I found a question in my M1 book,

A particle is projected vertically upwards with a speed of 30m/s-1 from point A. The point B is h metres above A. The particle moves freely under gravity and its above A for a time 2.4s. Find the value of h

What do they actually mean by moves freely under gravity? That gravity does not apply to it, and in this case it would mean that I certainly do not have enough information, and if it means that it still has the acceleration of -9.8m/s-2 I still do not get the right answer

Here are my workings :

u = 30
a = -9.8
v= 0

Via v = u + at, I get that t = 3.06s, therefore it is in the air for a total of 3.06 seconds

It is 2.4 above B, so it is under B(until it reaches h) for 0.66 seconds

using s=ut+1/2at^2 , I get that that s = 17.66556 , and the right answer is 39 to s.f? :s

Any help ?

It moves freely under gravity means that it doesn't have any other forces acting on it. E.g. air resistance.
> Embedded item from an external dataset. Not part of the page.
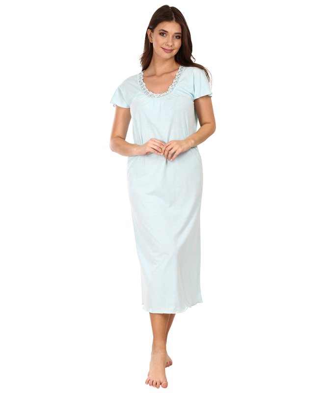 Dlouhá noční košile s krátkým raglánovým rukávem, vsadka.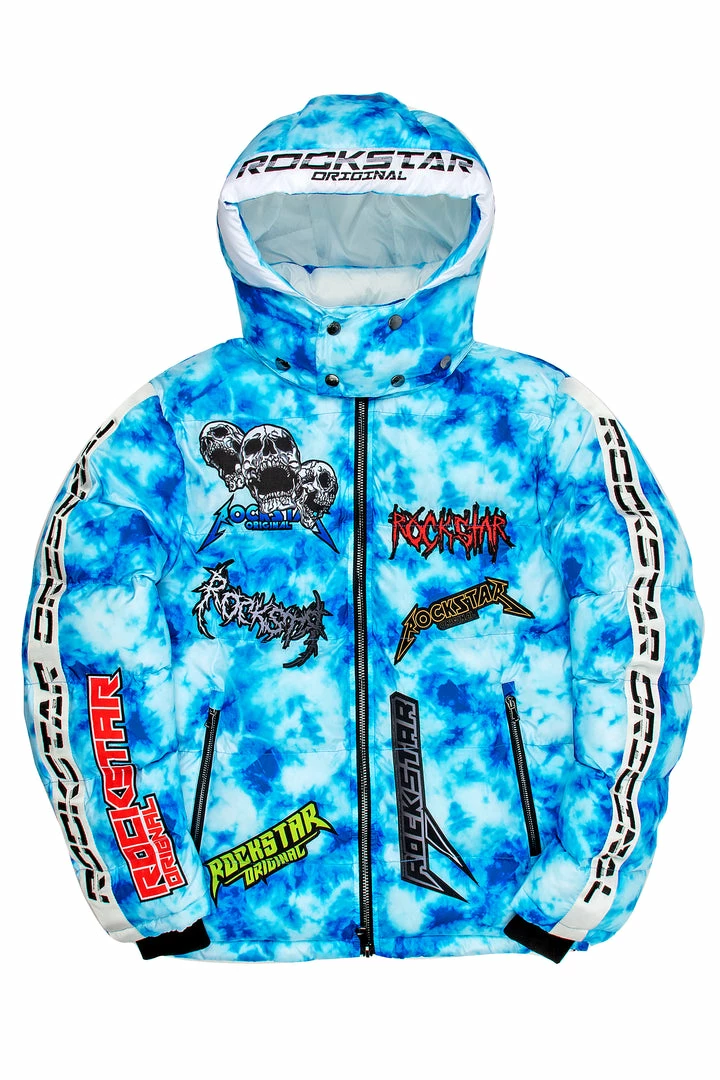 Rockstar Original Men’s puffer jacket in marble blue. Featuring embroidered RSO logos and graphic patch designing throughout. Accenting versatile material to keep you cool, comfortable and functional. This new must-have bubble coat is styled with a removable button hood, front zipper pockets and a high quality zipper closure.

EDIT: Hold on, just realised something. Gimme a sec to work this out lol.

EDIT2: Ok, as far as I can remember (I did M1 2 years ago now, but I did get a high A in it), the time is irrelevant in this question. Here is my working:

s ?
u 30
v 0
a -9.8
t

900 + 2(-9.8)(s)
-900 = -19.6s
19.6s = 900
s = 900/19.6

using the formula v^2 = u^2 +2as. Since v = 0 I have omitted it.

Your method is right apart from one small mistake: 3.06 is not the total time in the air, it is the time until it reaches the maximum. When the particle goes up, it is above b for half of 2.4 seconds (1.2) before it reaches the maximum height, then another 1.2 seconds after.

So, using your method, you are looking at just the first half of motion, so you only need to take off 1.2 seconds from 3.06. Does that get you the right answer?

(This is all assuming the bolded 'A' should read B in the question, judging from your working).

You got the maximum heigth reached, exactly as mine.